It’s interesting. I’ve been noticing a particular behavior among many people lately that has been making me think. When some people have problems, they have this way of trying to make them your problems too.
Now, I’ve been very fortunate to have been raised by two amazing parents who’ve demonstrated to me what self-reliance, love and responsibility mean.
Self-reliance is taking care of one self. Accepting the circumstances of reality and then molding them to become what you want through hard work, dedication and intellect.
Love is something given, not taken. And it’s an amazing foundation to leap from, whether it be one’s love of life, of another or of oneself. And love given to you is not to be taken for granted.
And responsibility is accepting the choices one makes and the consequences of such and in regard to circumstances outside of one’s control, it’s about how one deals with them. It’s owning one’s actions.
Now, back to what I’ve been observing. It’s very easy to try to make your problem someone else’s problem. For example, say you drank too much at a bar last night, so you call your boss and say you’re sick and have them cover it for you. Or say you wrecked your car and have no transportation so you continually call others for rides, saying you don’t have a car and can’t get around. Or say your friend couldn’t drive you somewhere, so you argue that’s the reason you couldn’t get somewhere.
But the thing is, your problem is your problem. It’s no one else’s problem.

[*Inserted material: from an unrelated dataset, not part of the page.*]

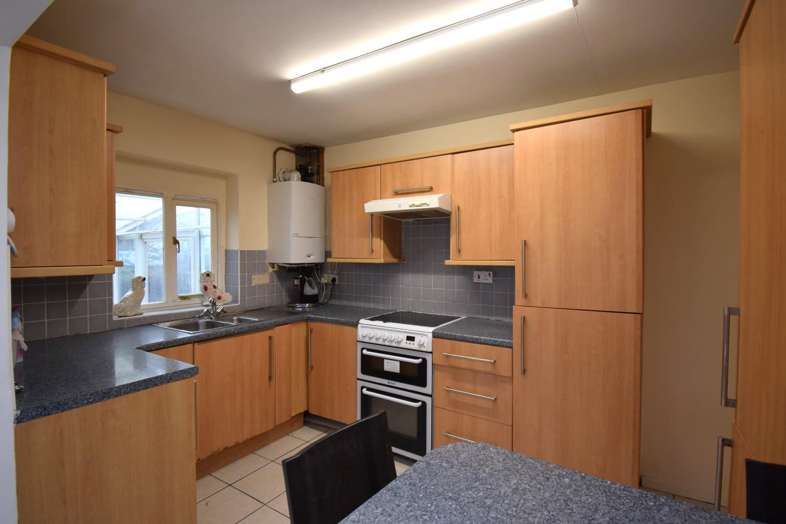 Open plan, with hot and cold stainless steel sink unit, matching wall and base units with worktops, wall mounted Worcester boiler supplying the domestic hot water and central heating system, partly tiled walls, built in fridge freezer.

Now, someone could CHOOSE to help you but that’s a choice they have to make. In my opinion, it shouldn’t be something you expect. Sooooo many seem to have the “woe is me” attitude and when things go wrong, they feel they are owed something or that others should grant them something and many seem to enable this behavior, thinking they’re being a good person or perhaps are acting out of guilt or some misplaced feelings of compassion, but really, it only makes worse, in my opinion. If you enable this behavior, nothing will stop one from passing the buck, from making excuses, from failing to recognize the need to deal with one’s own problems, from accepting responsibility, from repeating this behavior, from trying to make their problems yours.
Your problems aren’t my problems… unless I allow them to be.